TASK INPUT:
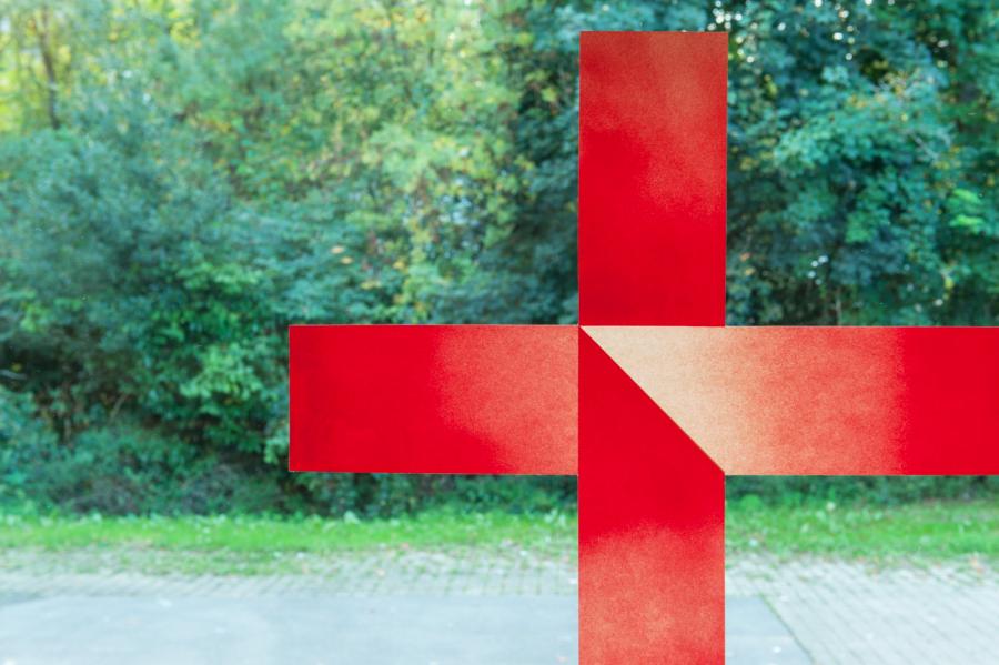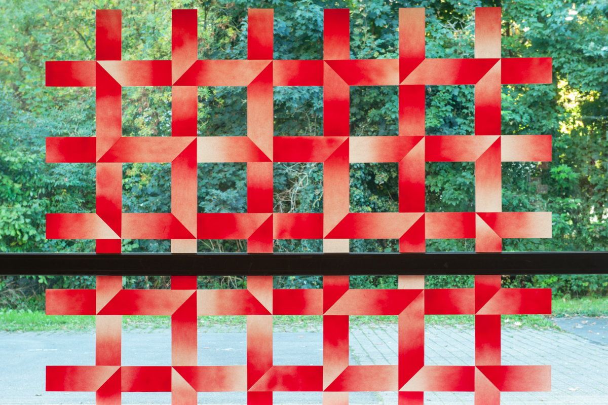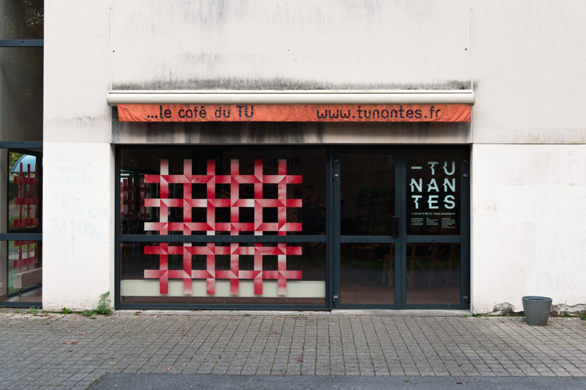 Cette pièce à été réalisé lors d’une résidence d’une semaine dans le cadre du festival BAM pour la rentrée scolaire du Théâtre Universitaire de Nantes en octobre 2017. Lors de cette résidence qui s’offrait comme une carte blanche, j’ai réalisé une pièce sur la façade du rez-de-chaussée du théâtre. Ici il s’agit d’un papier peint modulaire, peint recto verso en dégradé de rouge vers le blanc. Les modules sont collés bord à bord en vitrophanie sur les vitres. Le dessin proposé reprend la forme du quadrillage, le rouge est un hommage aux rideaux du théâtre. Avec cette installation je proposais à l’espace un double jeux: dans un sens il invite la curiosité du passant de la rue à pousser la porte d’entrée, et de l’intérieur il préserve de l’extérieur, il offre une intimité certaine.
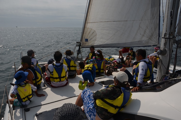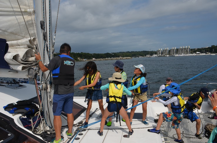 大型カタマランヨットを使用し、子どもたちが操船を体験しました。子どもたちだけでセイルを上げ、実際に風の力を使って船を動かすセーリング体験です。
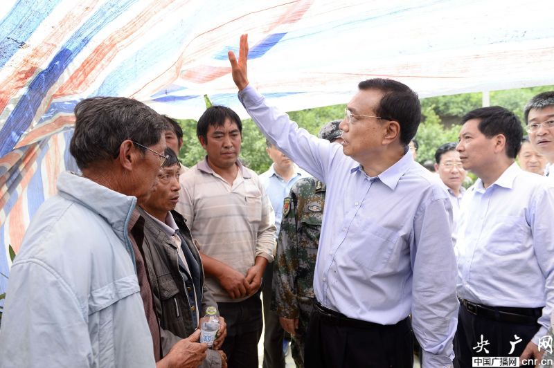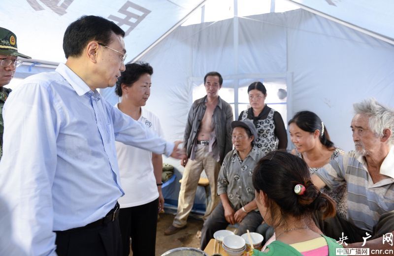 4日下午,李克強來到云南魯甸震震中龍頭山鎮(zhèn)災民臨時安置點,看望受災群眾。
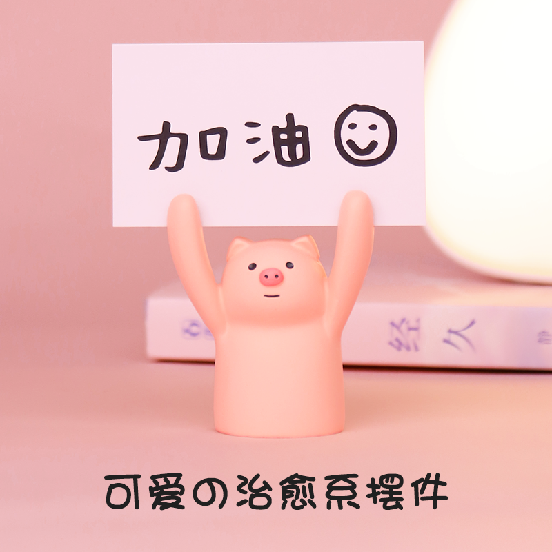 创意卡通可爱少女心ins举牌小猪便签夹摆件立式桌面留言夹照片夹
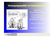 Versorgungsqualität von Krebspatienten Was soll erreicht, was soll vermieden oder zumindest verringert werden ? Welche Qualitätsebenen werden tangiert? Grundpfeiler der Qualitätspolitik

WORK INSTRUCTION: Would you output the full listing exactly as it stands, minus the images?

RESULT BELOW:
 Cette pièce à été réalisé lors d’une résidence d’une semaine dans le cadre du festival BAM pour la rentrée scolaire du Théâtre Universitaire de Nantes en octobre 2017. Lors de cette résidence qui s’offrait comme une carte blanche, j’ai réalisé une pièce sur la façade du rez-de-chaussée du théâtre. Ici il s’agit d’un papier peint modulaire, peint recto verso en dégradé de rouge vers le blanc. Les modules sont collés bord à bord en vitrophanie sur les vitres. Le dessin proposé reprend la forme du quadrillage, le rouge est un hommage aux rideaux du théâtre. Avec cette installation je proposais à l’espace un double jeux: dans un sens il invite la curiosité du passant de la rue à pousser la porte d’entrée, et de l’intérieur il préserve de l’extérieur, il offre une intimité certaine.
 大型カタマランヨットを使用し、子どもたちが操船を体験しました。子どもたちだけでセイルを上げ、実際に風の力を使って船を動かすセーリング体験です。
 4日下午,李克強來到云南魯甸震震中龍頭山鎮(zhèn)災民臨時安置點,看望受災群眾。
 创意卡通可爱少女心ins举牌小猪便签夹摆件立式桌面留言夹照片夹
 Versorgungsqualität von Krebspatienten Was soll erreicht, was soll vermieden oder zumindest verringert werden ? Welche Qualitätsebenen werden tangiert? Grundpfeiler der Qualitätspolitik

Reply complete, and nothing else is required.